The Statistical Determinants of the Speed of Motor Learning

It has recently been suggested that movement variability directly increases the speed of motor learning. Here we use computational modeling of motor adaptation to show that variability can have a broad range of effects on learning, both negative and positive. Experimentally, we also find contributing and decelerating effects. Lastly, through a meta-analysis of published papers, we verify that across a wide range of experiments, movement variability has no statistical relation with learning rate. While motor learning is a complex process that can be modeled, further research is needed to understand the relative importance of the involved factors.

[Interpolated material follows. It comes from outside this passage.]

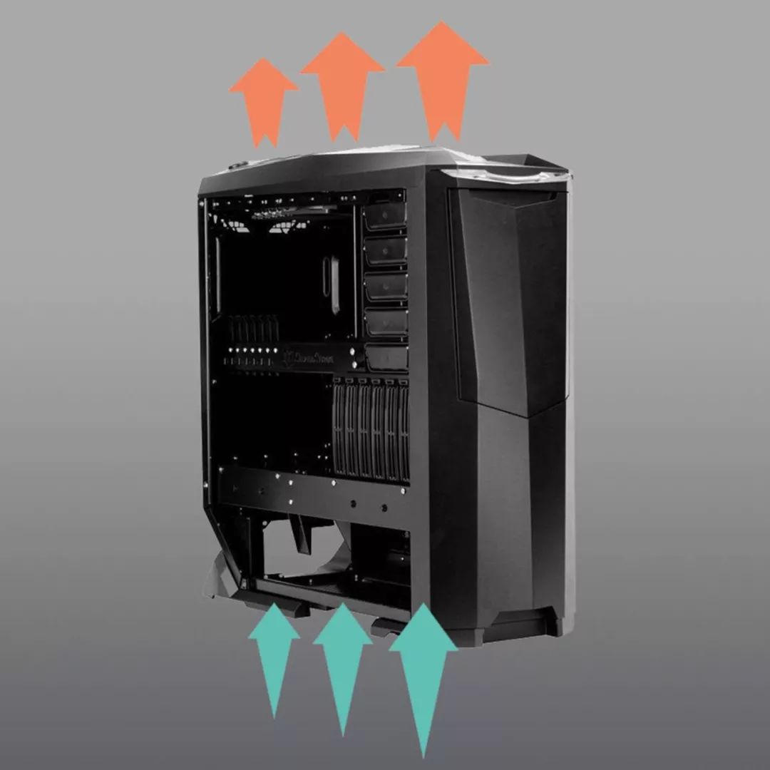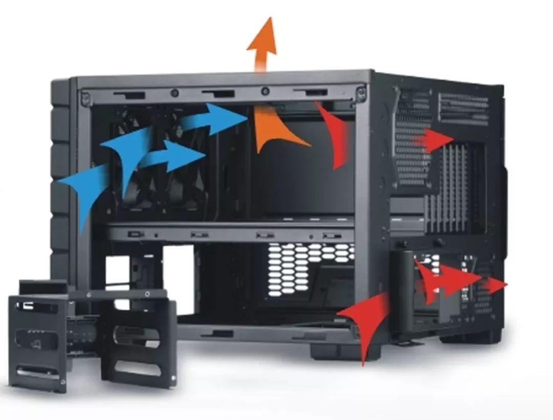 相对理想的风道是从下侧吸风、上侧排风。因为空气越冷密度越高,一般冷空气往会下沉、暖空气会上升,这样可以让进入的风更凉、提高了散热效率。如果你细心留意,会发现开了空调冷风会往上吹、暖风会往下吹也是这个道理(反向利用)。

Author Summary Variability is a fundamental component of our motor behaviors. It is caused by numerous factors, including sensory, planning, neuromuscular noise, as well as random external perturbations. Investigation of its underpinnings has been a driving force for numerous theoretical advances in motor control. Recently, it has been suggested that initial motor variability can promote the speed of motor learning. We first demonstrate with a series of simulations of a common learning model that different factors leading to increased variability can affect learning rate in completely different directions, instead of merely the positive trend as claimed. Second, we present experimental evidence that sensory uncertainty, which affects motor variability, instead of variability per se, determines learning speed during trial-by-trial random perturbations. Third, we present results from a meta-analysis of published studies that show the same lack of positive correlation. We conclude that motor learning is not generally facilitated by initial motor variability. Instead, their relationship should be investigated by considering the factors that affect variability in a task-specific manner.